Reitera que por su padecimiento, es inimputable, sin embargo, está presa desde hace dos años. Dice que ayer la visitó y está en malas condiciones: en una celda muy pequeña, haciéndose daño, “como una esclava”.
Aunque sí recibe un tratamiento la receta no es la adecuada, además que las valoraciones deben ser constantes. Pero el problema es que, al no haber psiquiatras en el Cereso, quienes acuden son personal del Kumate.
A nivel legal ya se tramitó un amparo que ordena por un lado que el Hospital la atienda y que sea liberada y trasladada a un hospital para ser atendida, pero es cuando se encuentran con la dificultad de que no hay un nosocomio que la pueda recibir.
Sobre si hay antecedentes de personas en similares situaciones en el sistema penal estatal, los activistas responden que al parecer es el único caso, aunque sí hay otra persona presa con un padecimiento mental, y es Aleksei Makeev, el ruso que fuera casi linchado en Cancún por subir a redes sociales videos con comentarios racistas.

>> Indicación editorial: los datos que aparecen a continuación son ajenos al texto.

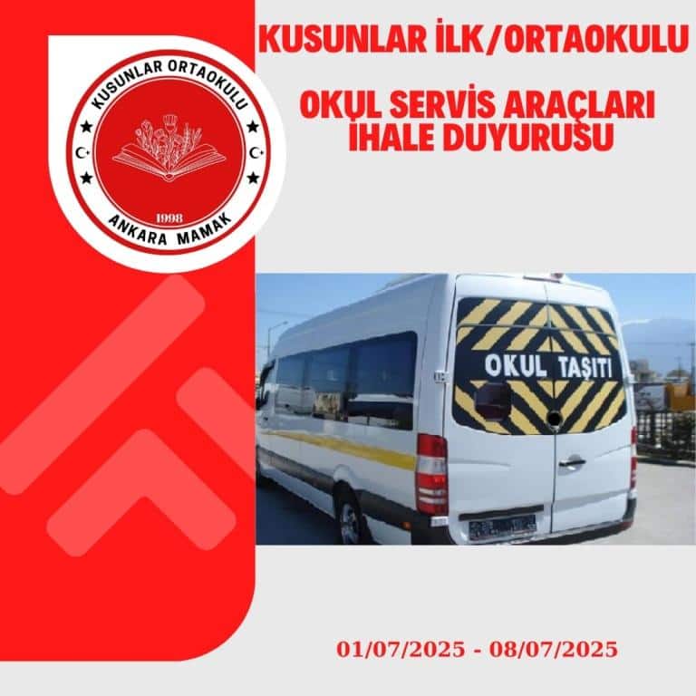 2025-2026/2026-2027 Eğitim Öğretim yıllarında geçerli olmak üzere 2(İki) Eğitim-Öğretim yılı İçin Kusunlar İlk / Ortaokulu Taşımacıyı Tespit Komisyonu olarak, Okul Servis Araçları Hizmet Yönetmeliğinin 5. maddesi 3. fıkrası ve 7. maddesi uyarınca ´Okul Servis Taşıması İşi´ ihalesi 09/07/2025 tarihinde Saat: 10:00´da Kusunlar İlk / Ortaokulu Konferans salonunda yapılacaktır. İhaleye katılma şartnamesi ve istenen belgeler aşağıda belirtilmiştir. Şartname dosyası Kusunlar İlk / Ortaokulu Müdürlüğü´nden ücretsiz teslim alınabilecektir. Uygun koşulları taşıyan ve istenen belgeleri hazırlayan iştirakçiler Açık Teklif İletme Usulü ile tekliflerini okul ''Taşımacıyı Tespit Komisyonuna'' 08/07/2025 Salı günü Saat 17.00 ´a kadar imza karşılığı teslim etmeleri gerekmektedir.

Concluyen reiterando el por qué llevan años pidiendo el Instituto de Inclusión, para que haya un organismo que vele por estas personas con discapacidad o con algún padecimiento y que sufren algún tipo de injusticia, y se llene desde el gobierno este vacío que han tenido que ir cubriendo las asociaciones civiles con su activismo.